Speaking of al-Qaeda, on March 18, Joel Shrun, another American teacher, was shot dead eight times in Yemen by gunmen on a motorcycle. The assassins, who escaped after the attack, are members of the al-Qaeda linked “Supporters of Sharia” (which recently beheaded a “witch”). The group issued a message saying, “This operation comes as a response to the campaign of Christian proselytizing that the West has launched against Muslims,” calling Shrun “one of the biggest American proselytizers.”

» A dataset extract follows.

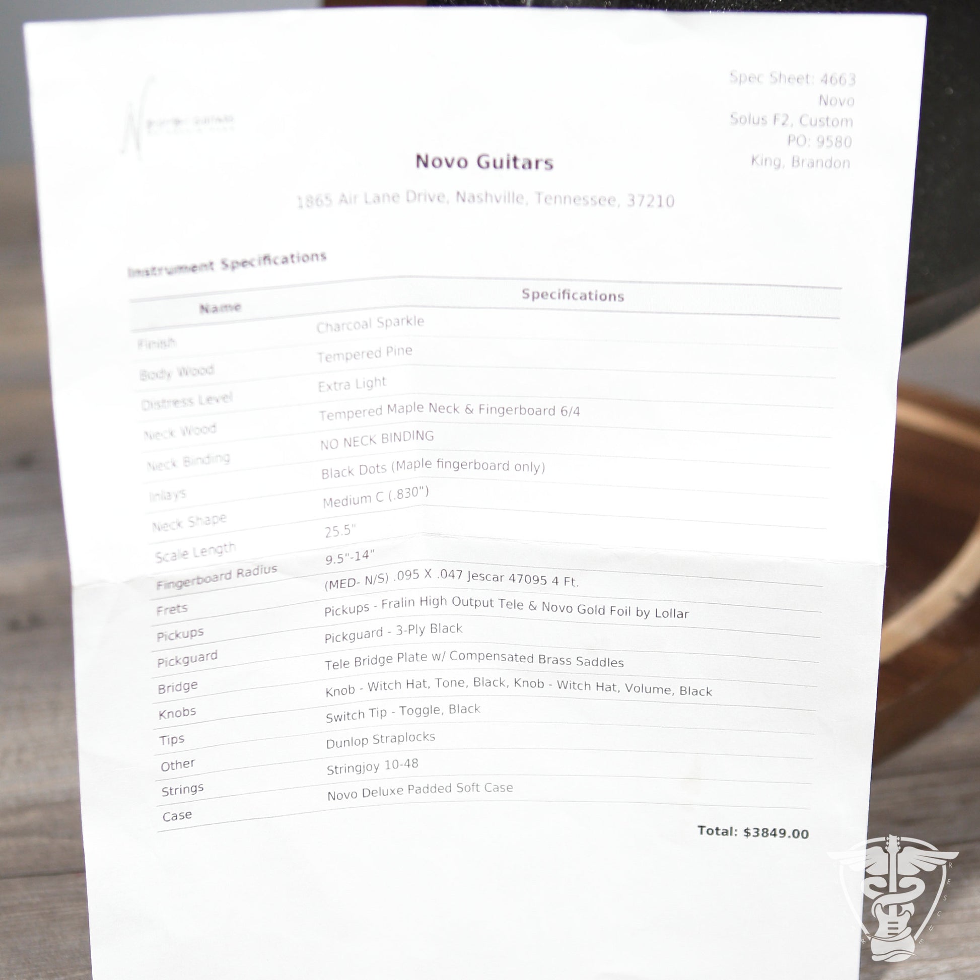 INCLUDES: Spec Sheet, Novo Deluxe Padded Soft Case

Shrum’s employers strongly denied the charge: Shrum, 29, “was an American development worker who had been working in Yemen with his wife and two children since 2010. Unfortunately Joel S. has been accused of being a part of a proselytizing campaign, but the staff of ITDC, which consists of Muslims, Christians and other religions working together, has continually focused on human development, skill transfer and community development,” adding that “Joel S. was a very professional employee who highly respected the Islamic religion.” (Note the boilerplate kowtowing to Islam, which one would have thought unnecessary, at least in this context.)

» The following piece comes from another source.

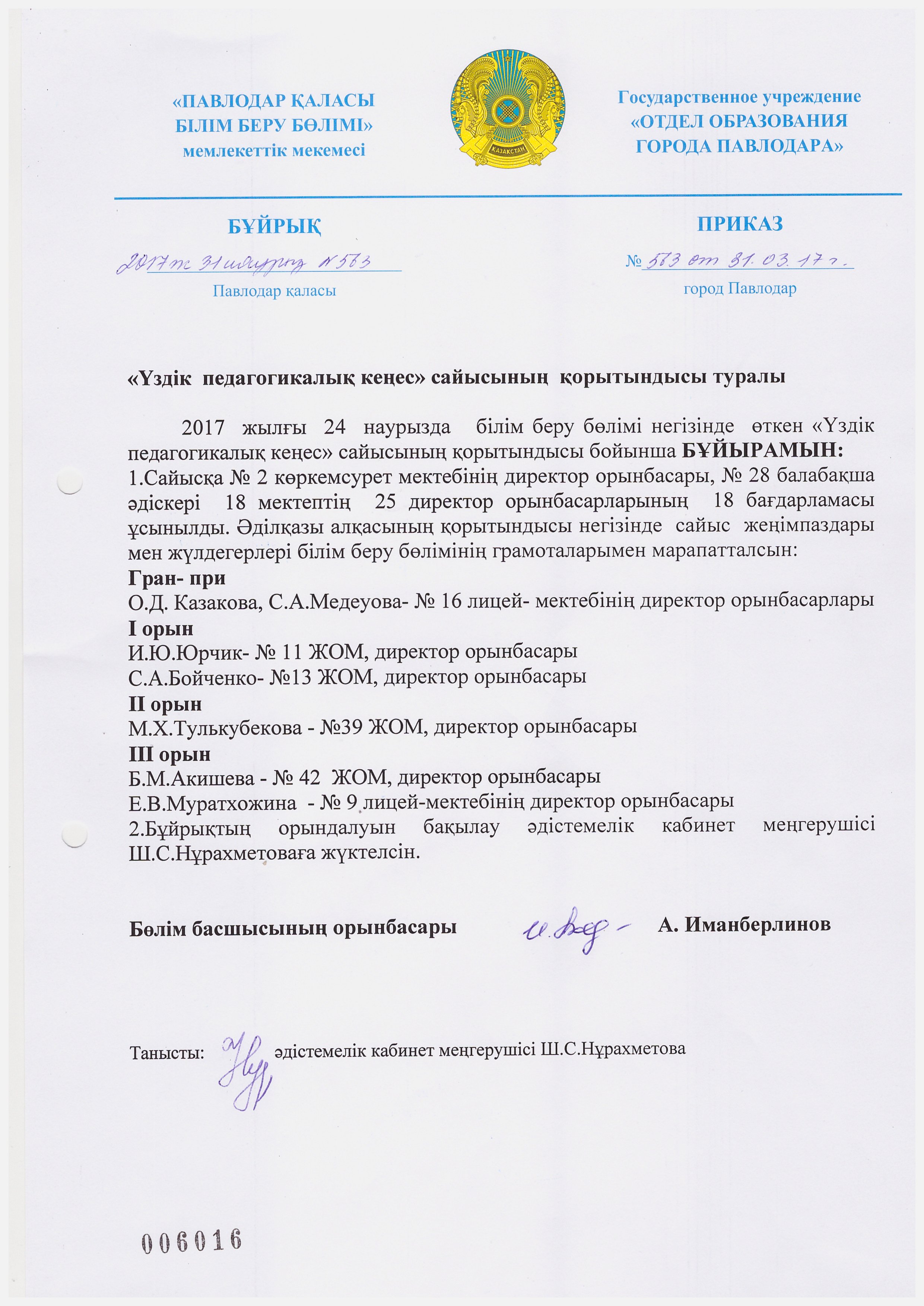 "Үздік педагогикалық кеңес бағдарламасы" сайысының қорытындысы туралы бұйрық | көшіріп алу |

However, an interview with Shrum’s wife makes clear that, not only was Shrum a devout Christian, but he likely shared his faith: “He lived in the reality that we are all created in the image of God and that nothing can separate us from the love of God…. These truths were an inspiration for everything that he did.” Moreover, there is no reason to doubt his Islamic murderers when they say he was killed for “proselytizing.” There are many other Americans in Yemen: if al-Qaeda was simply targeting American infidels in general, there would be more random killings.
To conclude, Small and Shrum were not missionaries devoted to proselytizing Muslims—if so, they would have probably been killed earlier—but they were Christians who were not hesitant to share the Gospel with anyone showing interest, including the Muslims of Iraq and Yemen. This was enough to kill them—the one by a student, the other by al-Qaeda.
Finally, it is well to recall that these two Americans had nothing in common with the indigenous Christians of the Muslim world; the arguments used to dispel the persecution of the latter—sectarian strife, political machinations, etc.—do not apply to the former. Instead, the only thing they have in common is Christianity. This reaffirms, yet again, that the animosity that killed the Americans Small and Shrum, is the same animosity that persecutes and kills the Islamic world’s Christian minorities—an animosity fundamentally based on religious intolerance.